▶ _Exercise requirements_: All the lines below need to be output exactly, apart from any images.

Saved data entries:
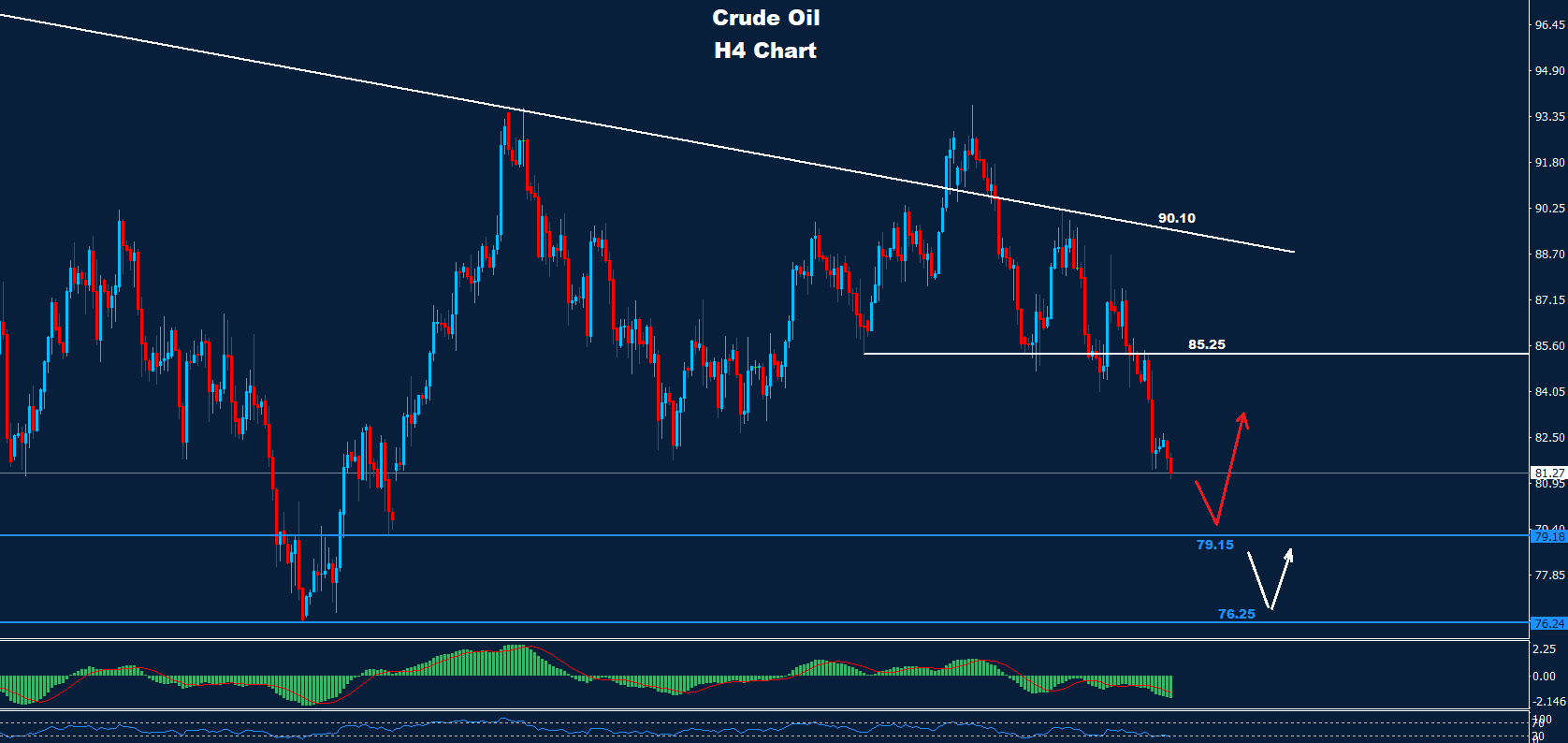 كما نرى على الرسم البياني، يواجه السوق مقاومة حول 82.65 و 85.25 بينما يواجه السوق دعماً حول 79.15.
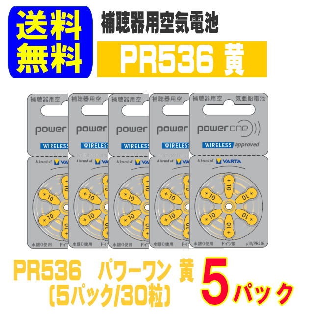 補聴器 電池 PR536 (10A) 黄 5パック(30粒) パワーワン 普通郵便 送料無料 無水銀タイプ 空気電池 空気亜鉛電池 power one 世界共通 補聴器各社対応 補聴器電池 ボタン バッテリー
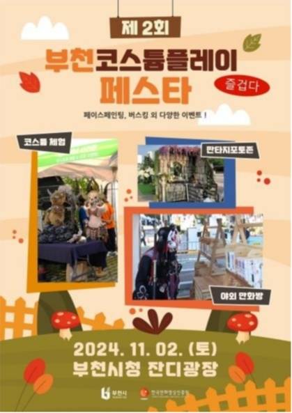 한국만화영상진흥원은 11월 2일 부천시청 앞 잔디광장에서 ‘제2회 부천 코스튬플레이페스타’를 개최한다고 밝혔다. 이번 행사는 시민들에게 코스튬플레이 체험과 다양한 만화 문화 경험을 제공하기 위해 마련됐다.
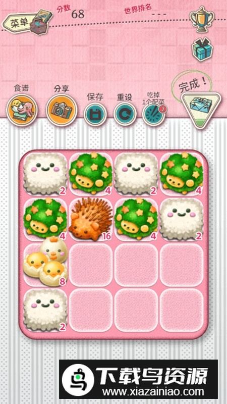 2.当相同数字的食材碰撞时,它们会进化成双倍数值的新食材;
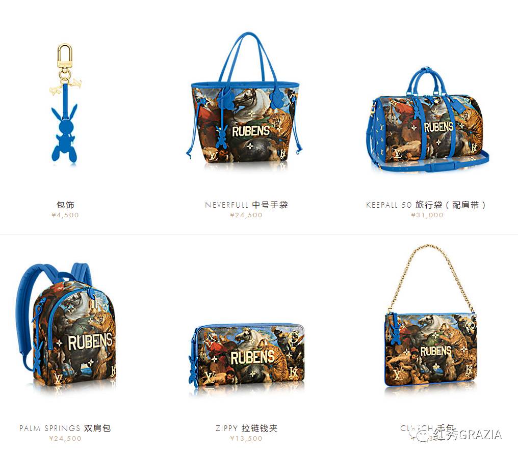 这次,Koons从自己长期创作的“Gazing Ball”绘画系列——多件大尺寸手工绘画,古典大师杰作的重制品——中汲取灵感,以多款大师杰作的影像,创作出一系列路易威登包袋及配饰作品。
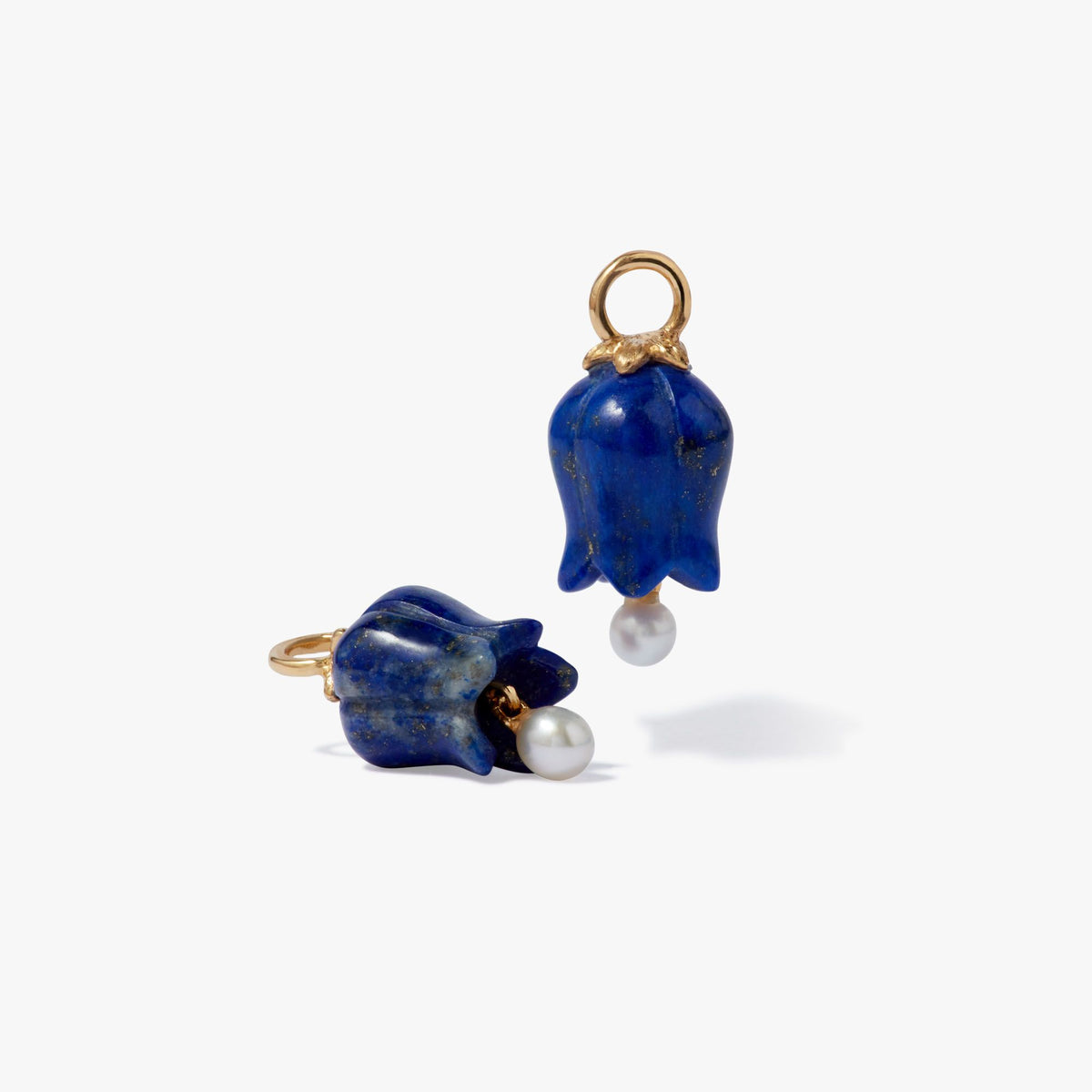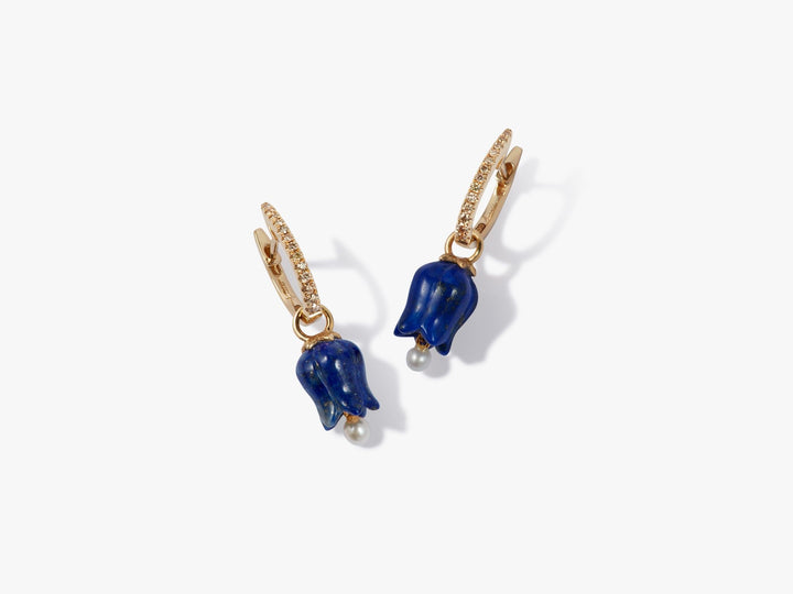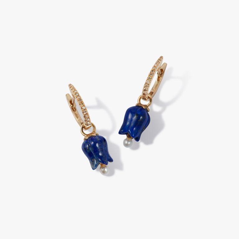 These Tulips Diamond Earrings by Annoushka bloom with meaning, embodying themes of love, new beginnings, and prosperity. The lapis lazuli tulip drops, set with tiny briolette pearls, sway gently from sparkling diamond hoops—offering texture, color, and movement. Whether worn together or mixed and matched with other elements from the interchangeable earrings range, they bring playful elegance and symbolic beauty to any look.
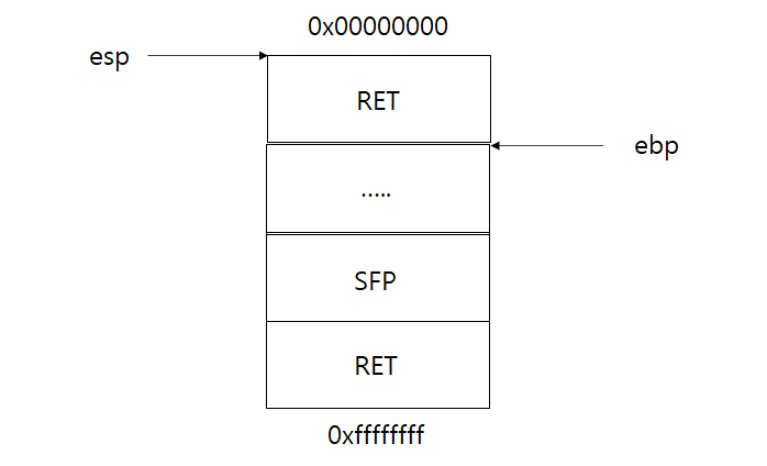- mov ebp, esp를 통해 스택정리 후 ebp와 esp의 위치를 같게만듬 이로서 스택의 최상단에는 SFP 존재
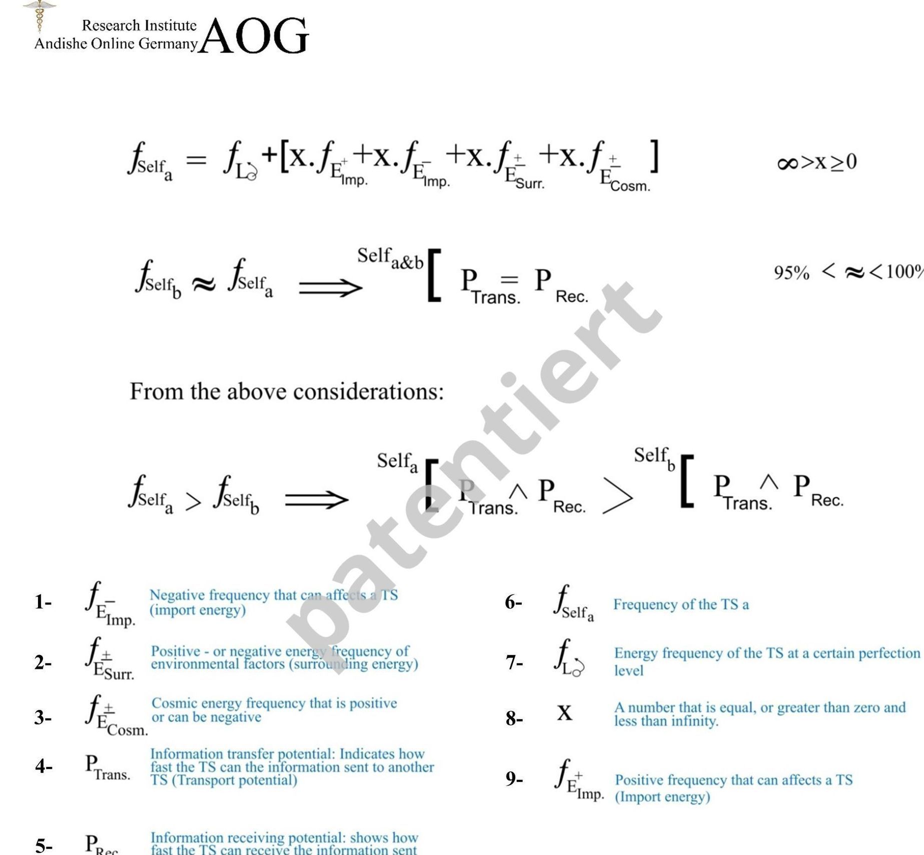 Die hier präsentierte Formel wurde für das Buch „Biologie der Quantendimension“ entwickelt und findet sich in originaler Form in den englischen und persischen Artikeln sowie in diesem wieder. Um die Darstellung nicht unnötig zu komplizieren, wird auf eine schrittweise Erklärung der obigen Formel verzichtet. An dieser Stelle erfolgt stattdessen eine allgemeine und einfache Beschreibung. Diese Vorgehensweise ist dadurch begründet, dass die Formel in jedem Fall indirekt mit dem vorliegenden Artikel in Verbindung steht.
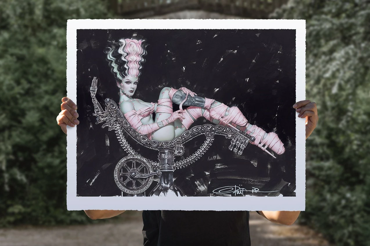 Each Frankie Reborn Fine Art Print is hand-signed by Olivia herself and features her official embossed Seal of Authenticity along with a hand-signed Certificate of Authenticity as a part of the limited edition of 300 pieces. This high-fidelity reproduction of Olivia’s original acrylic on wood painting is available to fans as an unframed giclée with deckled hand-torn edges or in a custom framed presentation. Whether you’re a pinup enthusiast or a horror art collector, you won’t want to miss adding this Frankenstein creation to your collection!
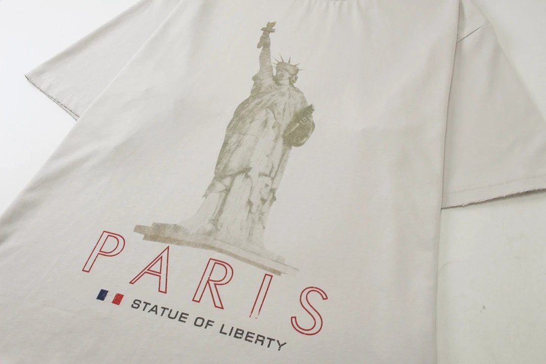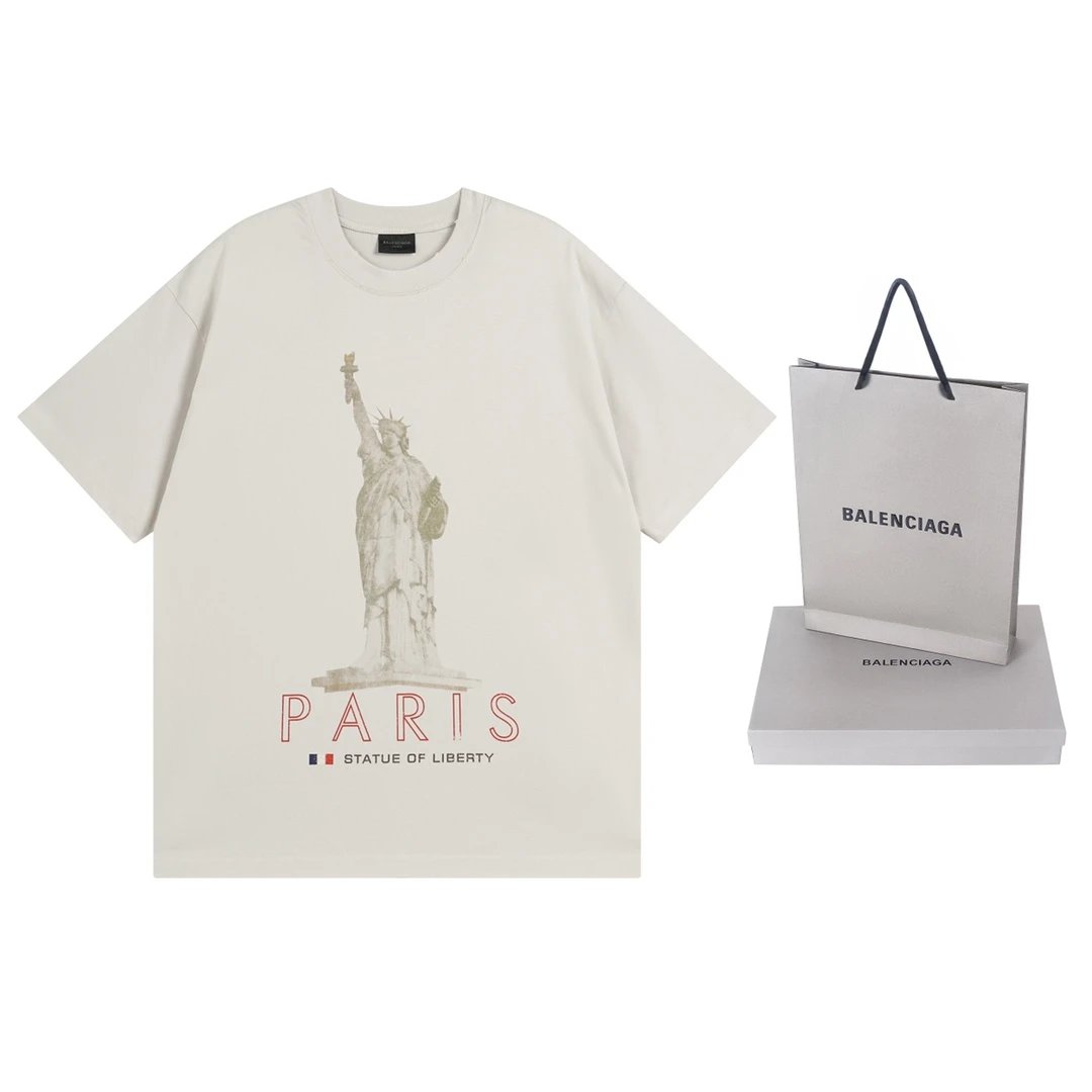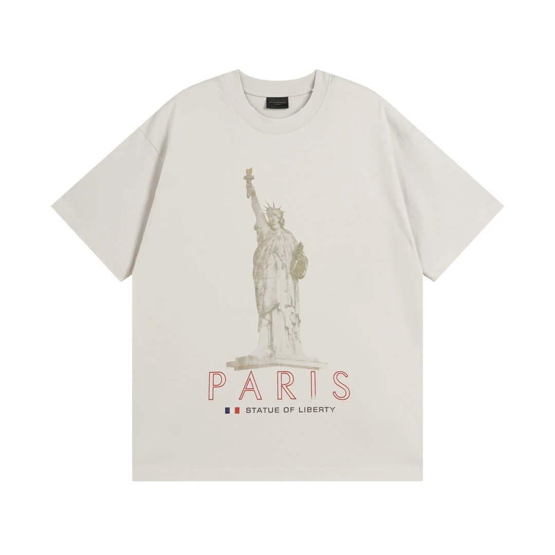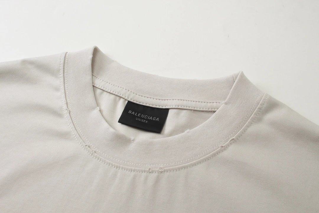 Balenciaga 2024 Runway Collection Unisex Oversized Washed T-Shirt. Custom 260g double cotton yarn, eco-friendly print, color-matched ribbed collar.
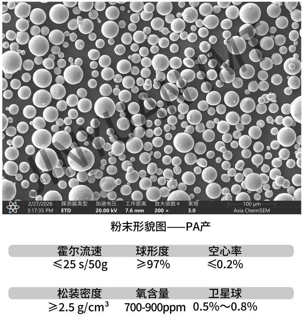 由PA技术制造的钛合金粉末全面对标国际高端品牌。金源智能表示,PA粉末空心粉率可控制在0.2%左右,卫星球占比0.8%左右,粉末的球形度、流动性等关键指标也均表现突出。此外,粉末氧含量低于900PPM,这确保了材料在循环使用中的性能稳定,可循环使用次数达15次以上。这些特性有助于减少打印件的内部缺陷,对追求良率的3C精密制造而言,具有实际价值。

▶ _Response area_:
 كما نرى على الرسم البياني، يواجه السوق مقاومة حول 82.65 و 85.25 بينما يواجه السوق دعماً حول 79.15.
 補聴器 電池 PR536 (10A) 黄 5パック(30粒) パワーワン 普通郵便 送料無料 無水銀タイプ 空気電池 空気亜鉛電池 power one 世界共通 補聴器各社対応 補聴器電池 ボタン バッテリー
 한국만화영상진흥원은 11월 2일 부천시청 앞 잔디광장에서 ‘제2회 부천 코스튬플레이페스타’를 개최한다고 밝혔다. 이번 행사는 시민들에게 코스튬플레이 체험과 다양한 만화 문화 경험을 제공하기 위해 마련됐다.
 2.当相同数字的食材碰撞时,它们会进化成双倍数值的新食材;
 这次,Koons从自己长期创作的“Gazing Ball”绘画系列——多件大尺寸手工绘画,古典大师杰作的重制品——中汲取灵感,以多款大师杰作的影像,创作出一系列路易威登包袋及配饰作品。
 These Tulips Diamond Earrings by Annoushka bloom with meaning, embodying themes of love, new beginnings, and prosperity. The lapis lazuli tulip drops, set with tiny briolette pearls, sway gently from sparkling diamond hoops—offering texture, color, and movement. Whether worn together or mixed and matched with other elements from the interchangeable earrings range, they bring playful elegance and symbolic beauty to any look.
- mov ebp, esp를 통해 스택정리 후 ebp와 esp의 위치를 같게만듬 이로서 스택의 최상단에는 SFP 존재
 Die hier präsentierte Formel wurde für das Buch „Biologie der Quantendimension“ entwickelt und findet sich in originaler Form in den englischen und persischen Artikeln sowie in diesem wieder. Um die Darstellung nicht unnötig zu komplizieren, wird auf eine schrittweise Erklärung der obigen Formel verzichtet. An dieser Stelle erfolgt stattdessen eine allgemeine und einfache Beschreibung. Diese Vorgehensweise ist dadurch begründet, dass die Formel in jedem Fall indirekt mit dem vorliegenden Artikel in Verbindung steht.
 Each Frankie Reborn Fine Art Print is hand-signed by Olivia herself and features her official embossed Seal of Authenticity along with a hand-signed Certificate of Authenticity as a part of the limited edition of 300 pieces. This high-fidelity reproduction of Olivia’s original acrylic on wood painting is available to fans as an unframed giclée with deckled hand-torn edges or in a custom framed presentation. Whether you’re a pinup enthusiast or a horror art collector, you won’t want to miss adding this Frankenstein creation to your collection!
 Balenciaga 2024 Runway Collection Unisex Oversized Washed T-Shirt. Custom 260g double cotton yarn, eco-friendly print, color-matched ribbed collar.
 由PA技术制造的钛合金粉末全面对标国际高端品牌。金源智能表示,PA粉末空心粉率可控制在0.2%左右,卫星球占比0.8%左右,粉末的球形度、流动性等关键指标也均表现突出。此外,粉末氧含量低于900PPM,这确保了材料在循环使用中的性能稳定,可循环使用次数达15次以上。这些特性有助于减少打印件的内部缺陷,对追求良率的3C精密制造而言,具有实际价值。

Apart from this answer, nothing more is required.